**Extracted information:**
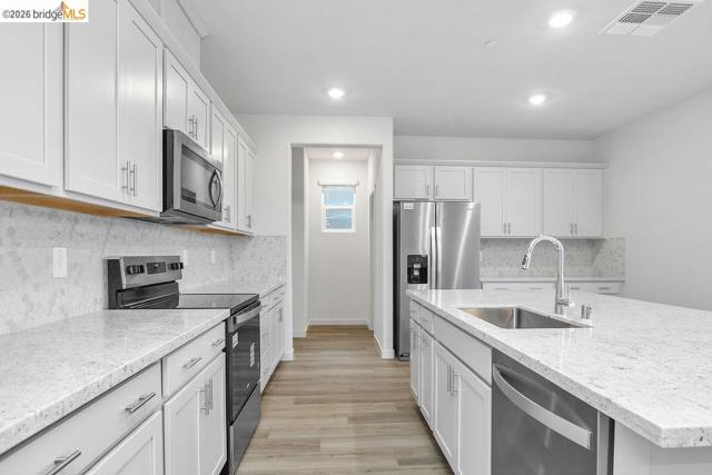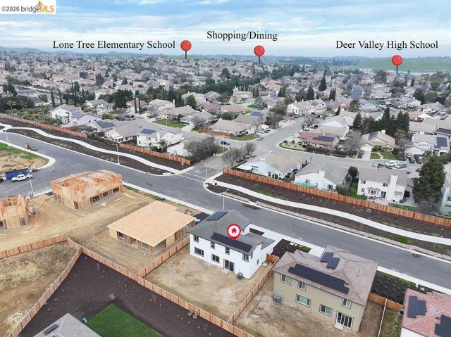 *Call agent today for a list of builder incentives!* Brand new 2026 construction by Meritage Homes in the desirable Deer Valley community! This 4 bedroom, 3 bath home offers 2,831 sq ft of thoughtfully designed living space on a 7,000 sq ft lot. Featuring a downstairs bedroom and full bath plus a private den at the entry, this layout is ideal for guests or multigenerational living. The open-concept great room showcases wide-plank flooring, recessed lighting, and a stunning chef’s kitchen with quartz countertops, shaker cabinetry, stainless steel appliances, expansive island, and walk-in pantry. Upstairs includes generous secondary bedrooms, and a luxurious primary suite with dual vanities, soaking tub, separate shower, and large walk-in closet. Fully fenced backyard offers endless potential. Leased solar for energy efficiency. HOA $202/month. The Deer Valley neighborhood has a highly desirable location close to local schools and offers easy access to BART, providing a smooth commute to San Francisco and throughout the greater Bay Area. Residents appreciate the nearby parks, walking trails, and recreational amenities that support an active and connected lifestyle.
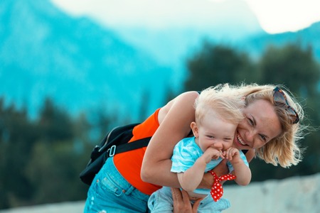 Young mother holding her little son in her arms and they are played against the backdrop of a mountain landscape
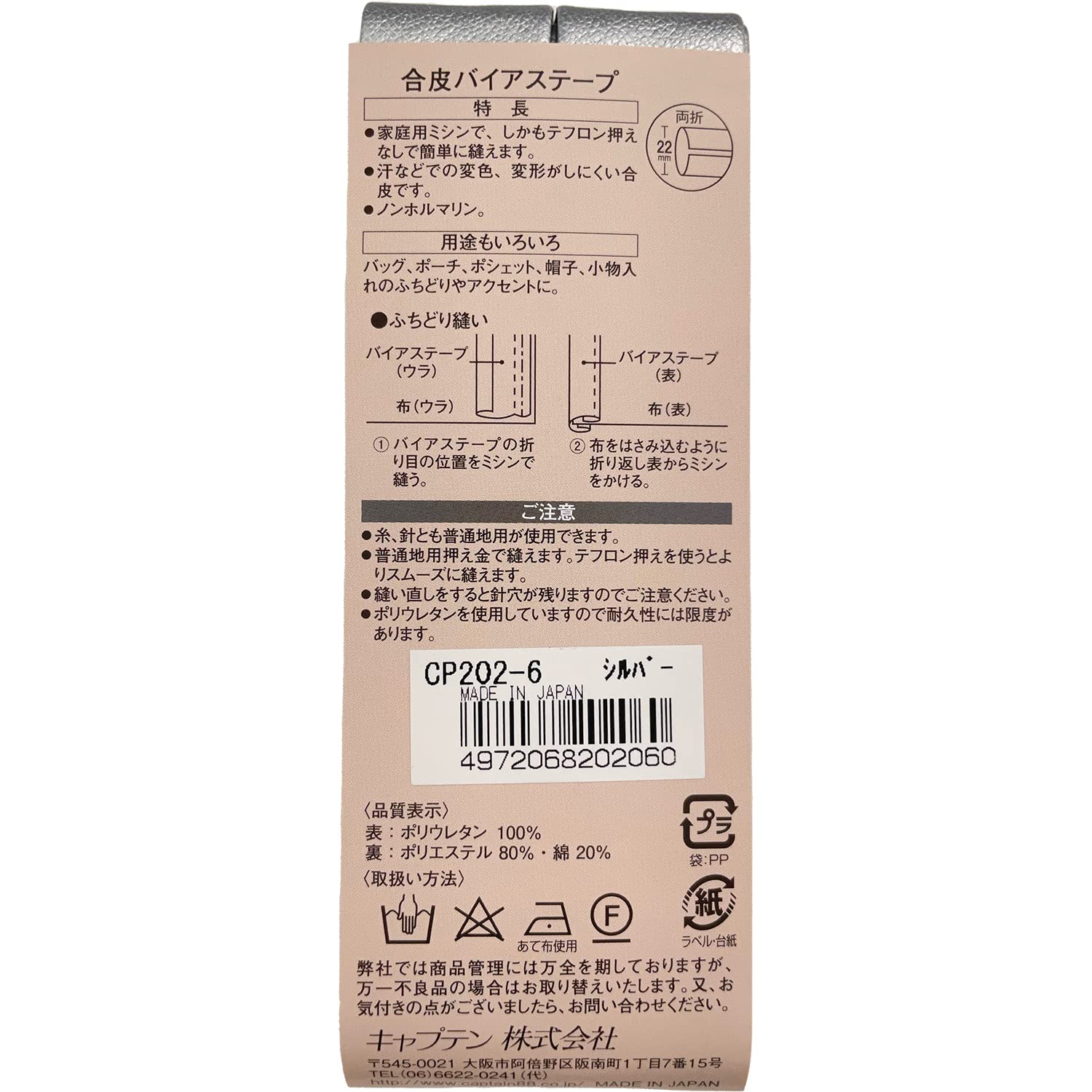 CAPTAIN88 キャプテン 合皮バイアステープ 両折 巾22mm×長さ1.7m巻 #6 シルバー CP202
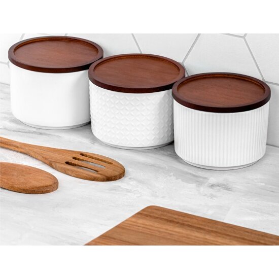 | Дополнительная информация | Набор 3 банок для хранения "Колоранс - микс" белый, 9,3х9,3х7 см, 250 мл - каждая, с деревянной крышкой-подставкой с силиконовым уплотнителем, высота без крышки - 6 см |
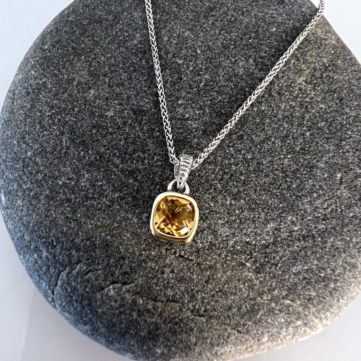 This simplistic sterling silver necklace features a cushion cut citrine bezel set and surrounded by a layer of 14k gold.
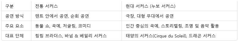🔄 3.2 전통 서커스 vs. 현대 서커스
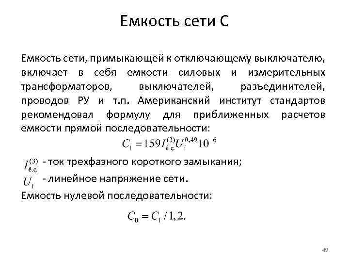Емкость сети С Емкость сети, примыкающей к отключающему выключателю, включает в себя емкости силовых и измерительных трансформаторов, выключателей, разъединителей, проводов РУ и т. п. Американский институт стандартов рекомендовал формулу для приближенных расчетов емкости прямой последовательности: - ток трехфазного короткого замыкания; - линейное напряжение сети. Емкость нулевой последовательности: 49
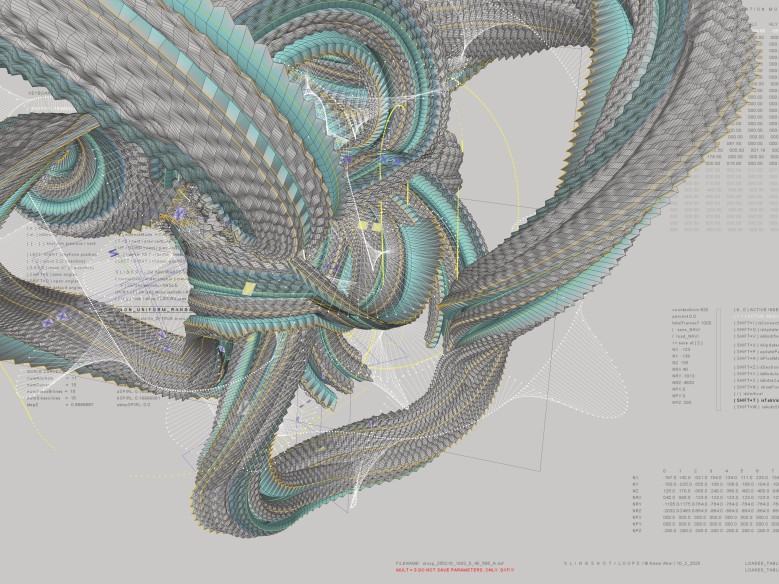 W następstwie tych działań powstał kod, budowany często intuicyjnie, wielokrotnie zbaczający z pierwotnie wyznaczonej drogi, którego opracowywanie poprzedzały rysunkowe analizy projektowanych algorytmów, animowane wizualizacje mechanizmów transformacji, testy oraz mnóstwo błędów, przypadków i efektów ubocznych. Te ostatnie odpowiadają za bardziej ludzki format kodu i w interesujący sposób podkreślają cyfrową biologię powstałych form. Wbrew wielu niedoskonałościom kod wyewoluował w stronę komputerowego narzędzia, wspomagającego algorytmiczne projektowanie moich prac.
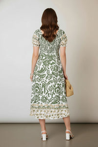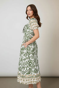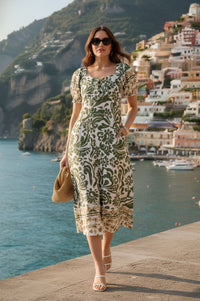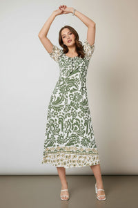 Embrace effortless charm this season with the Stella Floral Print Tie-Front Midi Dress, perfect for sunny days. This woven midi dress features a striking moss green and cream large-scale paisley floral print in a relaxed column silhouette. It boasts a charming square neckline with a playful tie-knot detail at the center front, complemented by short puff sleeves with elastic cuffs and a secondary tan and cream circular border print. Functional side-seam pockets and a straight hem with a wide geometric border in moss green and tan complete the design, with a smocked elastic panel at the center back for added comfort. Crafted from a light, breathable woven fabric, this dress ensures comfort and ease of wear throughout the day. Ideal for warm-weather adventures, this versatile piece pairs perfectly with strappy sandals and a woven bag for a chic daytime look or vacation wear. Designed for a comfortable and flowing fit, we recommend selecting your usual size.
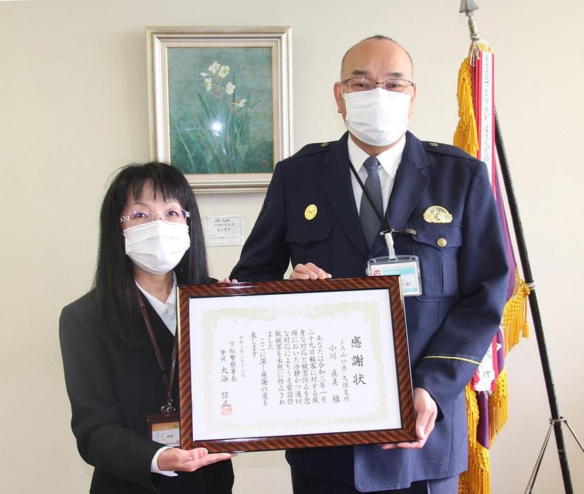 下松警察署は12日、うそ電話詐欺を未然で防いだ功労で、下松市山田、JA山口県久保支所職員、小川直美さん(54)に大浴信正署長の感謝状を贈った。 同署による...
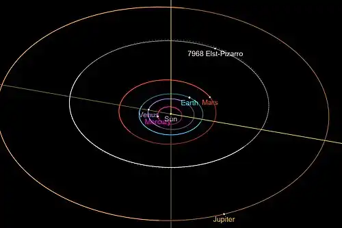 - Орбита астероида Эльст — Писарро и его положение в Солнечной системе
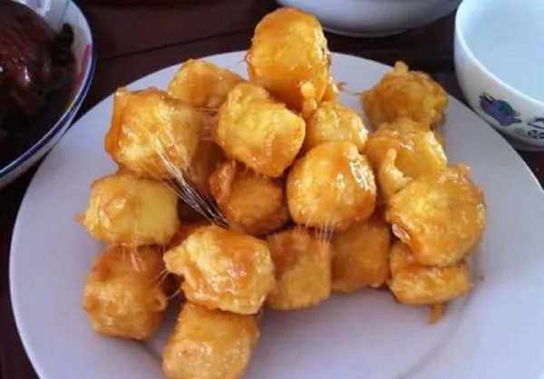 拔丝奶豆腐是当地一道传统的小吃,它用奶豆腐裹上蛋液炸制,再用白糖熬化的糖浆翻炒。
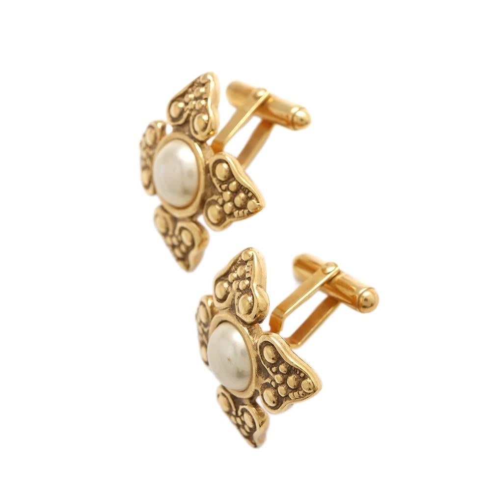 CHANEL Faux Pearl Cufflinks Gold MetalCHANEL Faux Pearl Cufflinks Gold Metal
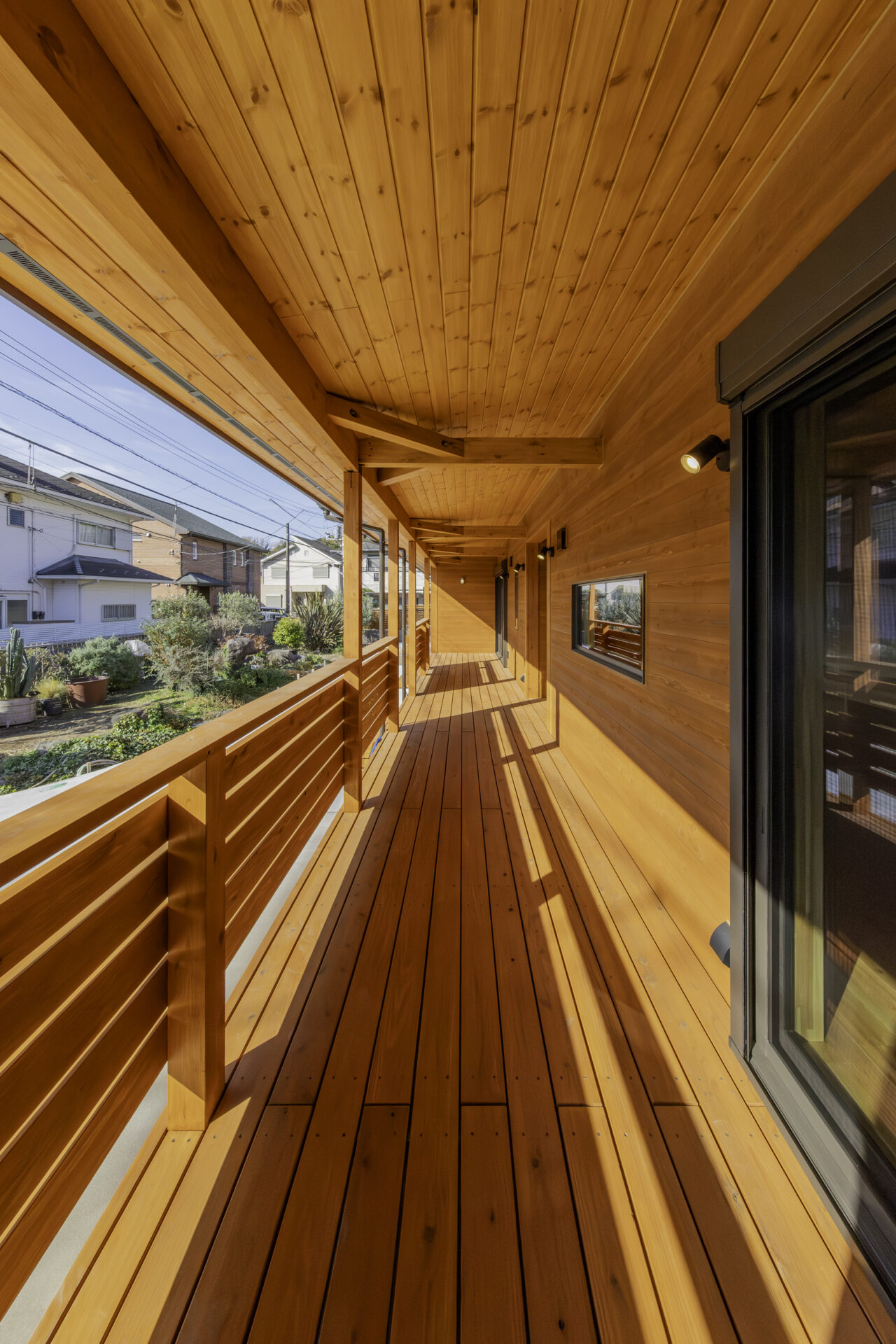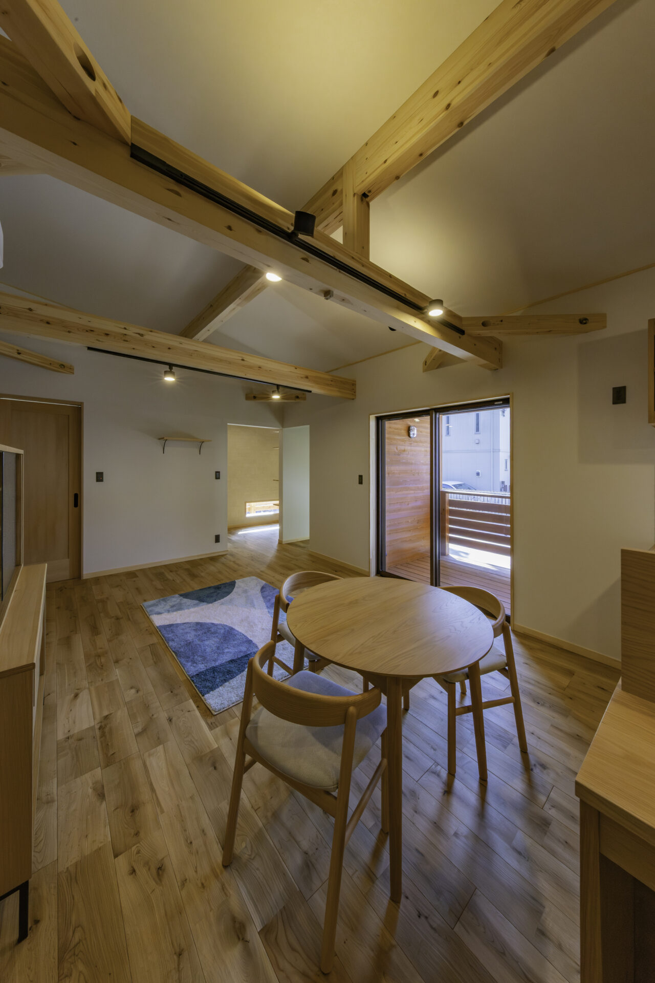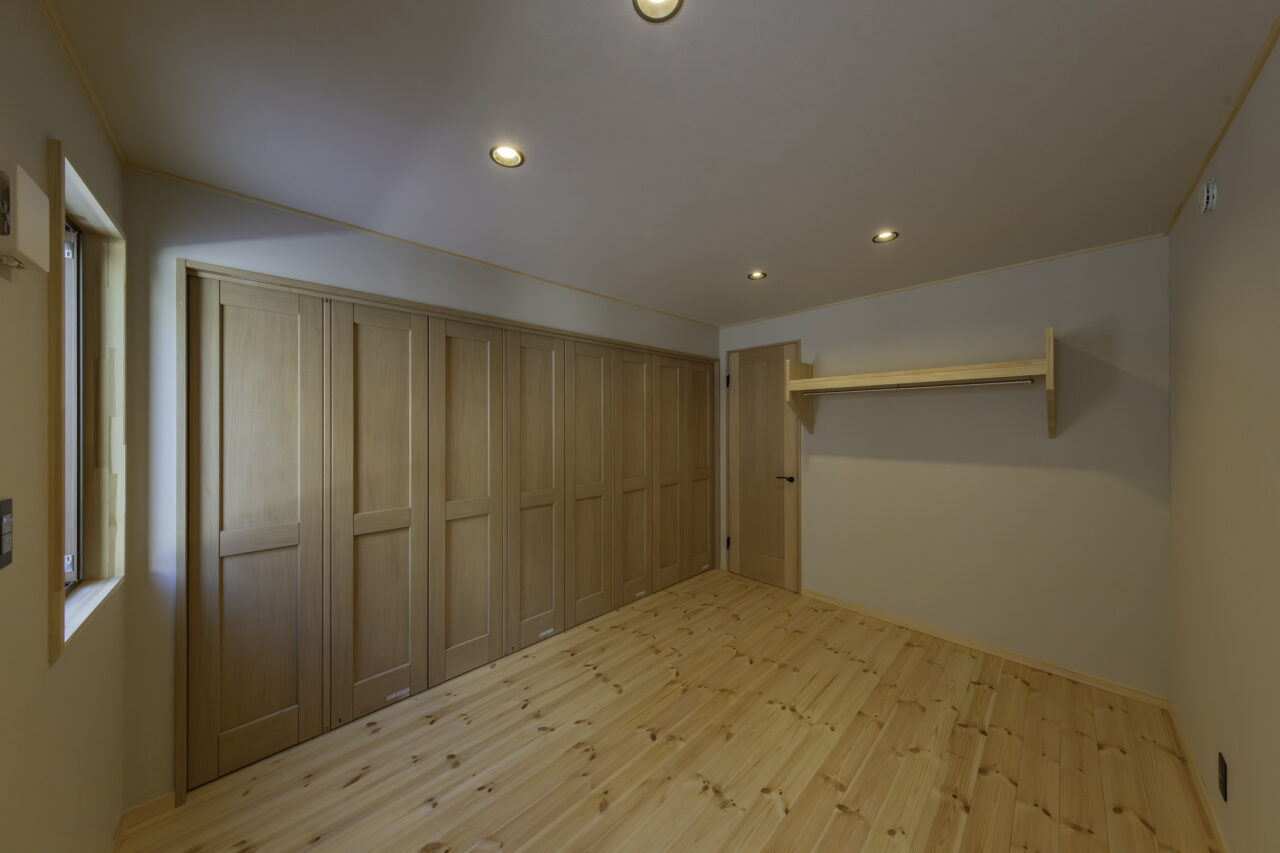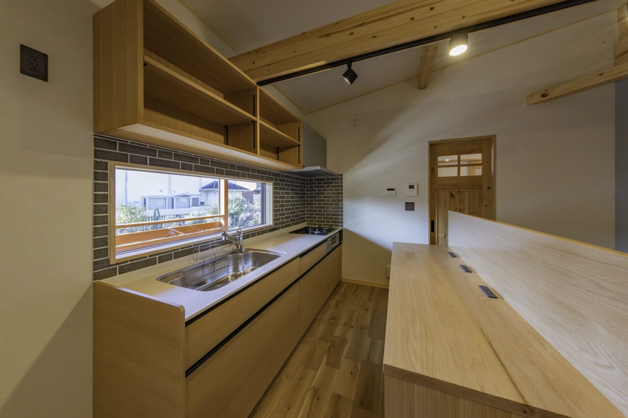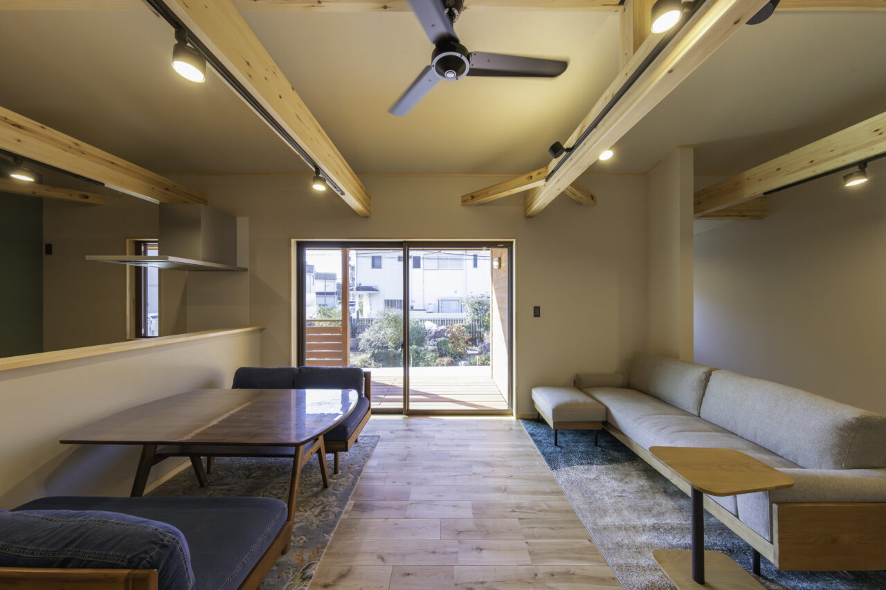 代々受け継がれてきた大切な土地に、二つの家族が心地よく暮らす二世帯住宅が完成しました。外観正面には、建物全体を引き締める 板張り仕上げ を採用。その佇まいは存在感がありながらも、周囲の景色にやさしく馴染みます。さらに正面には ワイドなウッドデッキとカバードポーチ を設け、二つの住まいをゆるやかにつなぐ、家族共有の外空間としました。室内は、それぞれ 3LDK・4LDK の独立した住空間を確保しつつ、中央にホールと扉を設けることで、必要なときには気軽に行き来が可能。日常のプライバシーを守りながらも、家族の気配を感じられる“ちょうどいい距離感”を実現しています。つながりすぎない、離れすぎない。今の暮らし方に寄り添った、新しい二世帯住宅のかたちです。

**Problem requirements:** What is needed is an exact copy of the records above, with no pictures in it.

**Reply to the exercise:**
 *Call agent today for a list of builder incentives!* Brand new 2026 construction by Meritage Homes in the desirable Deer Valley community! This 4 bedroom, 3 bath home offers 2,831 sq ft of thoughtfully designed living space on a 7,000 sq ft lot. Featuring a downstairs bedroom and full bath plus a private den at the entry, this layout is ideal for guests or multigenerational living. The open-concept great room showcases wide-plank flooring, recessed lighting, and a stunning chef’s kitchen with quartz countertops, shaker cabinetry, stainless steel appliances, expansive island, and walk-in pantry. Upstairs includes generous secondary bedrooms, and a luxurious primary suite with dual vanities, soaking tub, separate shower, and large walk-in closet. Fully fenced backyard offers endless potential. Leased solar for energy efficiency. HOA $202/month. The Deer Valley neighborhood has a highly desirable location close to local schools and offers easy access to BART, providing a smooth commute to San Francisco and throughout the greater Bay Area. Residents appreciate the nearby parks, walking trails, and recreational amenities that support an active and connected lifestyle.
 Young mother holding her little son in her arms and they are played against the backdrop of a mountain landscape
 CAPTAIN88 キャプテン 合皮バイアステープ 両折 巾22mm×長さ1.7m巻 #6 シルバー CP202
 | Дополнительная информация | Набор 3 банок для хранения "Колоранс - микс" белый, 9,3х9,3х7 см, 250 мл - каждая, с деревянной крышкой-подставкой с силиконовым уплотнителем, высота без крышки - 6 см |
 This simplistic sterling silver necklace features a cushion cut citrine bezel set and surrounded by a layer of 14k gold.
🔄 3.2 전통 서커스 vs. 현대 서커스
Емкость сети С Емкость сети, примыкающей к отключающему выключателю, включает в себя емкости силовых и измерительных трансформаторов, выключателей, разъединителей, проводов РУ и т. п. Американский институт стандартов рекомендовал формулу для приближенных расчетов емкости прямой последовательности: - ток трехфазного короткого замыкания; - линейное напряжение сети. Емкость нулевой последовательности: 49
 W następstwie tych działań powstał kod, budowany często intuicyjnie, wielokrotnie zbaczający z pierwotnie wyznaczonej drogi, którego opracowywanie poprzedzały rysunkowe analizy projektowanych algorytmów, animowane wizualizacje mechanizmów transformacji, testy oraz mnóstwo błędów, przypadków i efektów ubocznych. Te ostatnie odpowiadają za bardziej ludzki format kodu i w interesujący sposób podkreślają cyfrową biologię powstałych form. Wbrew wielu niedoskonałościom kod wyewoluował w stronę komputerowego narzędzia, wspomagającego algorytmiczne projektowanie moich prac.
 Embrace effortless charm this season with the Stella Floral Print Tie-Front Midi Dress, perfect for sunny days. This woven midi dress features a striking moss green and cream large-scale paisley floral print in a relaxed column silhouette. It boasts a charming square neckline with a playful tie-knot detail at the center front, complemented by short puff sleeves with elastic cuffs and a secondary tan and cream circular border print. Functional side-seam pockets and a straight hem with a wide geometric border in moss green and tan complete the design, with a smocked elastic panel at the center back for added comfort. Crafted from a light, breathable woven fabric, this dress ensures comfort and ease of wear throughout the day. Ideal for warm-weather adventures, this versatile piece pairs perfectly with strappy sandals and a woven bag for a chic daytime look or vacation wear. Designed for a comfortable and flowing fit, we recommend selecting your usual size.
 下松警察署は12日、うそ電話詐欺を未然で防いだ功労で、下松市山田、JA山口県久保支所職員、小川直美さん(54)に大浴信正署長の感謝状を贈った。 同署による...
 - Орбита астероида Эльст — Писарро и его положение в Солнечной системе
 拔丝奶豆腐是当地一道传统的小吃,它用奶豆腐裹上蛋液炸制,再用白糖熬化的糖浆翻炒。
 CHANEL Faux Pearl Cufflinks Gold MetalCHANEL Faux Pearl Cufflinks Gold Metal
 代々受け継がれてきた大切な土地に、二つの家族が心地よく暮らす二世帯住宅が完成しました。外観正面には、建物全体を引き締める 板張り仕上げ を採用。その佇まいは存在感がありながらも、周囲の景色にやさしく馴染みます。さらに正面には ワイドなウッドデッキとカバードポーチ を設け、二つの住まいをゆるやかにつなぐ、家族共有の外空間としました。室内は、それぞれ 3LDK・4LDK の独立した住空間を確保しつつ、中央にホールと扉を設けることで、必要なときには気軽に行き来が可能。日常のプライバシーを守りながらも、家族の気配を感じられる“ちょうどいい距離感”を実現しています。つながりすぎない、離れすぎない。今の暮らし方に寄り添った、新しい二世帯住宅のかたちです。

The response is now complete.